**EXERCISE**
Transcribe the data that follows in full. Leave out the pictures.

Entries taken from a collection:
▼

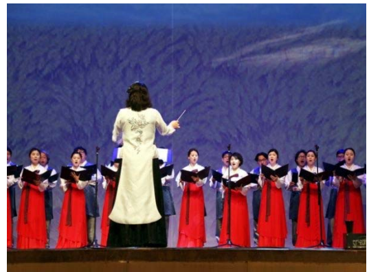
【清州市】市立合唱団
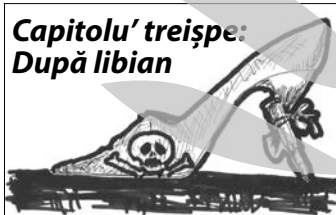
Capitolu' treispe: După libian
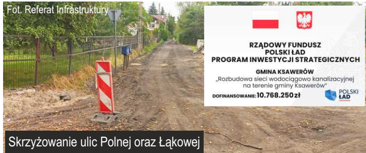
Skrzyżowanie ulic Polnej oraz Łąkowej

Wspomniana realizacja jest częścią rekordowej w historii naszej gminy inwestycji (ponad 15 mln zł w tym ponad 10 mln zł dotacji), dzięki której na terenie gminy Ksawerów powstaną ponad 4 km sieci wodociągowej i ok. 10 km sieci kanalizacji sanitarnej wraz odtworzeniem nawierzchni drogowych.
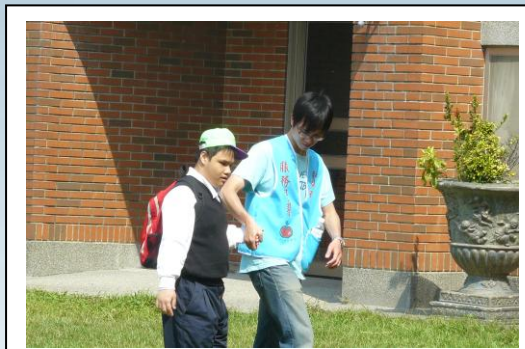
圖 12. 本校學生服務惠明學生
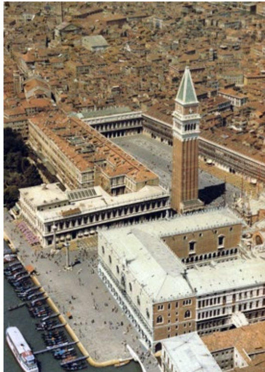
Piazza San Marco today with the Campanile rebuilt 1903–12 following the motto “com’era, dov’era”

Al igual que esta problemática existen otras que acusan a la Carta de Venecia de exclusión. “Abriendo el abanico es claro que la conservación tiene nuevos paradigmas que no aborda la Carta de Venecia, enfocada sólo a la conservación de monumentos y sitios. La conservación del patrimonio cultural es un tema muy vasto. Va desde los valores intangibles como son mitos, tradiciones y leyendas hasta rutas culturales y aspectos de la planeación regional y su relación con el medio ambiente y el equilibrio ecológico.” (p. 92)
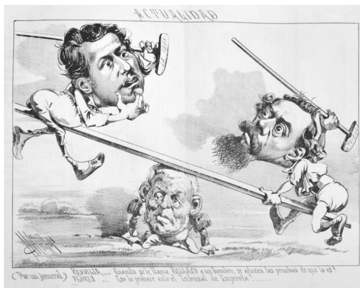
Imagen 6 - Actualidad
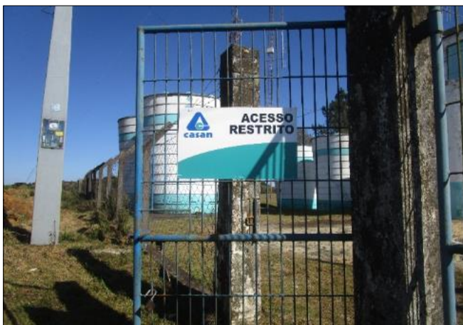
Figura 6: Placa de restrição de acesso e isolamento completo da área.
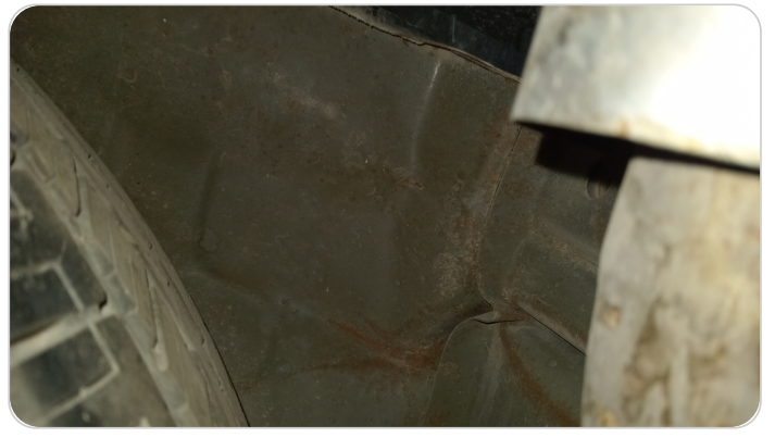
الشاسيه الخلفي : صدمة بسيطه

▲

**EXPECTED OUTPUT**
【清州市】市立合唱団
Capitolu' treispe: După libian
Skrzyżowanie ulic Polnej oraz Łąkowej

Wspomniana realizacja jest częścią rekordowej w historii naszej gminy inwestycji (ponad 15 mln zł w tym ponad 10 mln zł dotacji), dzięki której na terenie gminy Ksawerów powstaną ponad 4 km sieci wodociągowej i ok. 10 km sieci kanalizacji sanitarnej wraz odtworzeniem nawierzchni drogowych.
圖 12. 本校學生服務惠明學生
Piazza San Marco today with the Campanile rebuilt 1903–12 following the motto “com’era, dov’era”

Al igual que esta problemática existen otras que acusan a la Carta de Venecia de exclusión. “Abriendo el abanico es claro que la conservación tiene nuevos paradigmas que no aborda la Carta de Venecia, enfocada sólo a la conservación de monumentos y sitios. La conservación del patrimonio cultural es un tema muy vasto. Va desde los valores intangibles como son mitos, tradiciones y leyendas hasta rutas culturales y aspectos de la planeación regional y su relación con el medio ambiente y el equilibrio ecológico.” (p. 92)
Imagen 6 - Actualidad
Figura 6: Placa de restrição de acesso e isolamento completo da área.
الشاسيه الخلفي : صدمة بسيطه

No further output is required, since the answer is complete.